Целый двор — как белая бумага.
Плюнь, вернись, разденься — и пиши.
Весна ледовитая
В проулках искорка роится,
не отступают холода,
хотя пора бы и пролиться
ручьям расплавленного льда.
Придя с морозу от обедни,
включи камин и не блажи:
твоё ли дело, чем намедни
достали Боженьку бомжи?
«Весна идёт на штурм…»
Весна идёт на штурм. В дырявых маскхалатах
по балкам залегли угрюмые снега.
Они обречены. И нету виноватых,
что так и не пришла на выручку пурга.
Бросалась на прорыв в бессмысленной отваге
и пала вся как есть. Теперь вот их черёд
устало отползать в канавы и овраги.
Весна идёт на штурм. И пленных не берёт.
«Как похожи дача и кладбище!»
Как похожи дача и кла́дбище!
Те же грабельки, тот же прах.
И весна-то не припекла ещё,
а звучит перекличка птах.
И могилки-то схожи с грядками,
и быльё неизвестно чьё,
и горбатится за оградками
старичьё одно, старичьё.
«Прикинешь: чернее сажи…»
Прикинешь: чернее сажи
маячит небытиё.
А вроде весна всё та же —
как прочие до неё.
Пернатые скандалёзы:
«Чивик! — говорят. — Чивик!»
А крона-то у берёзы —
как пушкинский черновик.
«Местность то пасмурна, то ясна…»
Местность то пасмурна, то ясна.
Голого тальника свежий йод.
Поезд идёт на север. Весна
то настигает, то отстаёт.
«Влажные морские небеса…»
Найдёнышу
Влажные морские небеса.
Вставшие на цыпочки леса.
Сталь балтийской медленной волны.
Со стеклянной искрой валуны.
В рощах желторотая листва
голосит о смысле естества.
И, бредя по берегу вдвоём,
понимаем, для чего живём.
Сушь
Подёрнутое ряской озерцо.
Ни дать ни взять — шагреневая кожа.
Так съёжилось, что вскорости, похоже,
сравняется с землёй заподлицо.
Не громыхнёт в превыспренних пророк.
Не упадёт желанная дождинка.
И, может быть, останется ложбинка.
Одно отличье, что не бугорок.
«Не от Творца, не от скупщика душ…»
Не от Творца, не от скупщика душ —
стыдно сказать, от плотины зависим.
Вот и стоит рукотворная сушь
над белизною песчаных залысин.
Волга слепит равнодушней слюды.
Ни рыболова на отмелях этих.
Только цепочкою птичьи следы,
словно гулял одинокий скелетик.
Утро
Идиллическая дрёма.
Дровяной чердачок.
Чёрную дыру проёма
застеклил паучок.
Ни греха ещё, ни страха.
Где тут зло?
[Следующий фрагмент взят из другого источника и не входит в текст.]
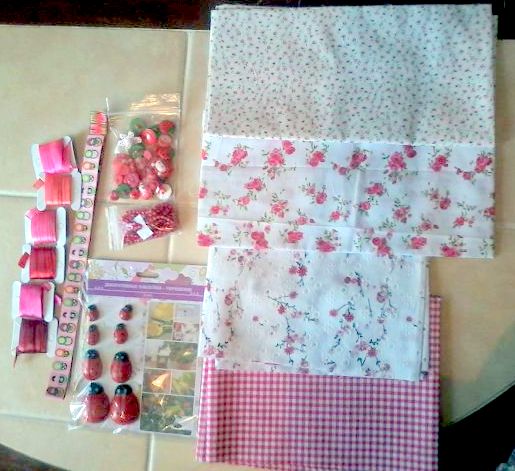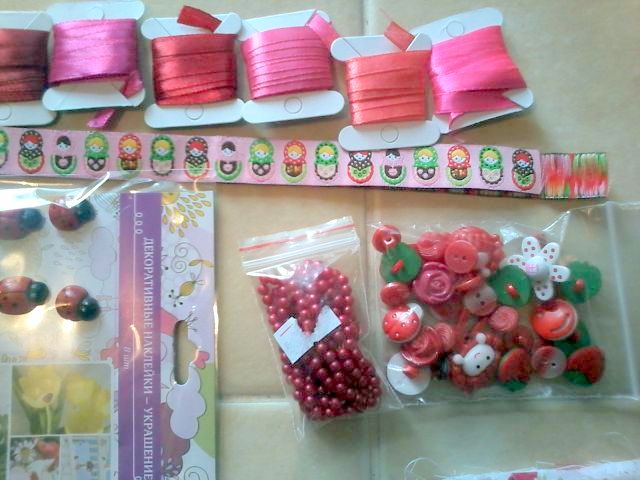 нежные красивущие тканюшки, божьи коровки, ленточки атласные и с матрешками, бусинки, пуговички всевозможные-невозможные! Всё в "клубничном" цвете!)))

Где добро?
Расплеснёт шальная птаха
голоска серебро.
А потом проснётся йеху,
врубит музыку, враг,
и обиженное эхо
отбежит за овраг.
Отвычка
Подсекая линька
на прозрачной запруде,
три недолгих денька
я не видел вас, люди.
А теперь повстречал —
и гадаю в печали:
то ли я одичал,
то ли вы одичали.
«Чья незримая рука…»
Чья незримая рука
в небе лепит облака?
И старательно ведь лепит —
не иначе, на века.
«Живу, городской лицедей…»
Живу, городской лицедей,
вдали от больших поселений
среди трясогузок, сиреней
и ржавых до хрупкости крыш.
Чем меньше встречаешь людей,
тем больше от них впечатлений,
и тем впечатленья нетленней,
чем реже о них говоришь.
Ноктюрн
Запруда. Ворох лунных стружек.
Сверкает всё, что встарь сверкало.
По ноготкам прибрежной ряски
бежит серебряная дрожь.
И оратории лягушек
гремят на уровне Ла Скала,
причём гремят по-итальянски —
и ни черта не разберёшь.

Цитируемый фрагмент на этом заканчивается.